[Xapian-discuss] Search performance issues and profiling/debugging

Wed Oct 24 23:09:34 BST 2007

On Wed, Oct 24, 2007 at 11:04:01PM +0200, Ron Kass wrote:

> Sorry, seems I forgot to paste the statistics for the 100 consecutive 
> runs we did on th 'no recip' search..
> Here it is
> 
>    Max      : 40.845
>    Min       : 0.973
>    Average : 1.739141414
>    StDev    : 4.161330613

Ewww, nasty. If this is Xapian's fault, there's something really crazy
going on.

Okay, some quick observations. (Without sitting down at your system
it's difficult to do more.)

 * seems to take ten cycles to settle down; this feels really high to
   me, but modulo doing a manual warm-up on your system after a
   rebuild shouldn't actually matter all that much (I do wonder what
   the VM usage for the non-leaf blocks in your b-trees comes to,
   though).

 * there is a vaguely cyclic issue; I'd be inclined to look for
   sweeper 'scripts' in the OS, something screwy in the FS or VM
   layer, or (again) maybe something in the virtualisation layer.

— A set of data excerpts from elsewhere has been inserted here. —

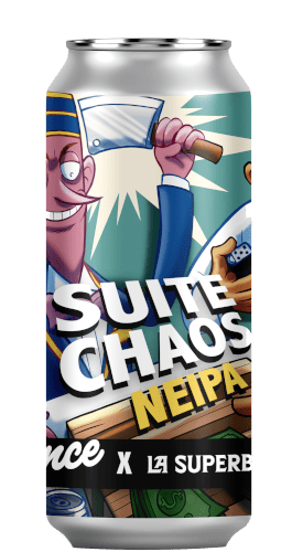 Suit Chaos está elaborada por La Quince en colaboración con Biarritz, de Francia. En esta deliciosa NEIPA se combina Mosaic y Idaho 7 en todos sus formatos para lograr una cremosa New England.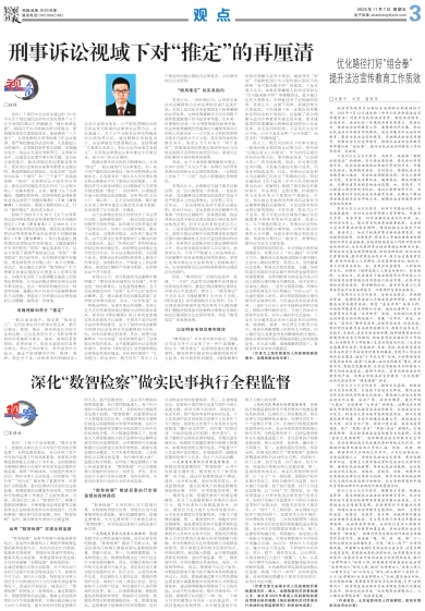 党的二十届三中全会强调,“强化当事人、检察机关和社会公众对执行活动的全程监督”。全程监督的提出,充分体现了党中央对执行监督工作的高度重视。民事执行检察监督制度正式确立十余年来,全国检察机关围绕民事执行办案中多发易发违法情形开展监督,取得了积极成效,对规范民事执行活动、维护当事人合法权益、切实解决“执行难”“执行乱”都发挥了重要作用。民事执行全程监督,是对民事执行活动的全过程监督,强调监督的全覆盖和系统性,对民事执行检察监督工作提出了全新的要求。当前,我国社会已进入“数智时代”,搭建大数据法律模型、开展智能化法律监督等实践探索也正在检察系统如火如荼地进行,民事检察部门理应抓住改革浪潮,深化“数智检察”运用,做实做优民事执行全程监督。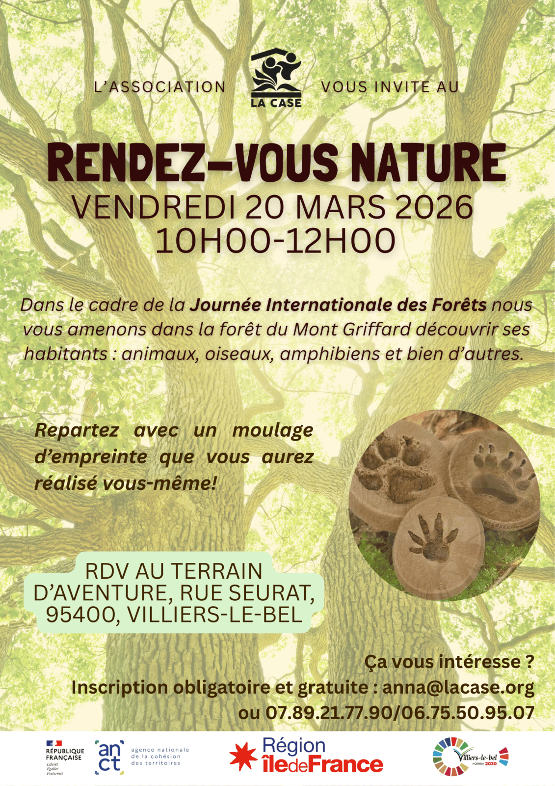 Dans le cadre de la Journée Internationale des Forêts, découvrez les habitants de la forêt du Mont Griffard : animaux, oiseaux, amphibiens et bien d'autres. Repartez avec un moulage d'empreinte que vous aurez réalisé vous-même !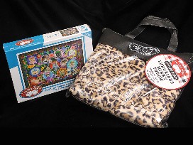 Cheetahs & Kitties Package - includes a fashionable and functional reusable cheetah print gift tote made of recycled materials, a Luxurious Minky Cheetah print faux fur lap-size throw 40" x 40" that is perfect for you or your kitty!, a Thermal-lined leakproof cheetah print lunch tote with shoulder strap and outer pockets 8.7" L x 11' H x 6.3 W, a child ruffle apron with adjustable neck strap and a Pretty Purrfect kitty design, an adult cheetah print ruffle apron with adjustable neck strap and coated cotton for easy cleaning, and a challenging and fun Cats with Hats 300-piece puzzle.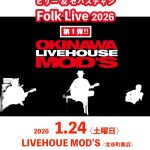 ★いーどぅしサーサー!イヤサーサー!2026 in OKINAWA・開場:14時30分/開演:15時30分・出演=いーどぅし・会場=LIVE HOUSE MOD’S
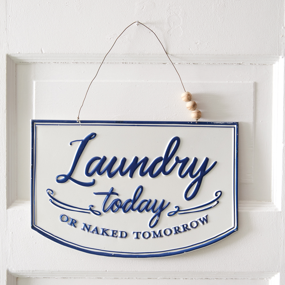 Why not tell it like it is? When you don't do your laundry there are consequences. This fun little sign is made of metal and hangs with a metal wire that holds three wood beads.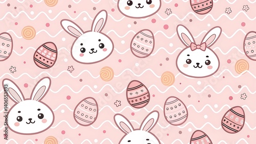 Obraz premium Cute Easter Bunny and Egg Seamless Pattern on Pink Background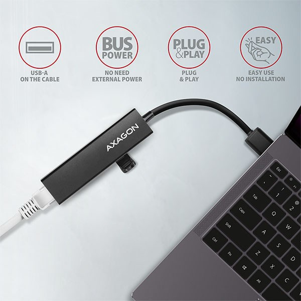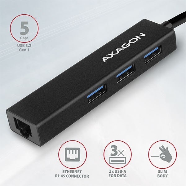 Štíhlý kovový USB 3.2 Gen 1 (USB 3.0) multi-port hub AXAGON HMA-GL3A nejen připojí k notebooku nebo počítači až tři USB zařízení současně, ale přidá také gigabitovou síťovou kartu, která připojí váš počítač k vysokorychlostní síti. Kovové tělo hubu je vyrobeno z hliníku a zajišťuje tak dokonalou mechanickou ochranu pro časté přenášení. Elegantní, jemně strukturovaný povrch brání nežádoucím otiskům. Napevno uchycený USB kabel délky 20 cm je ideální pro uživatele mobilních zařízení.
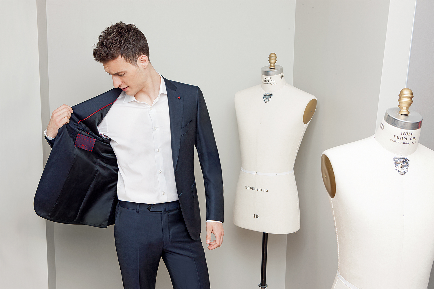 В рамках Su Misura портные Isaia предлагают семь базовых моделей, 2000 вариантов актуальных тканей, а также снятие 50 мерок для каждого клиента. Есть у Isaia и услуга Bespoke – разработка портным персонального лекала для пошива костюма.

   Something you could try is to put a 10 second sleep between each
   run and do it again. If the period changes, it's most likely a
   timed system thing. I don't think it is, though.

 * the cycles, if that's what they are, seem to become longer,
   suggesting (to me) that the VM system is getting better at
   understanding your load.

 * you're hit by a random spike which causes most of the damage about
   halfway through the test; remove that and your sd becomes
   reasonable (although not great, because of the warm-up period;
   remove that as well and the sd becomes pretty sane).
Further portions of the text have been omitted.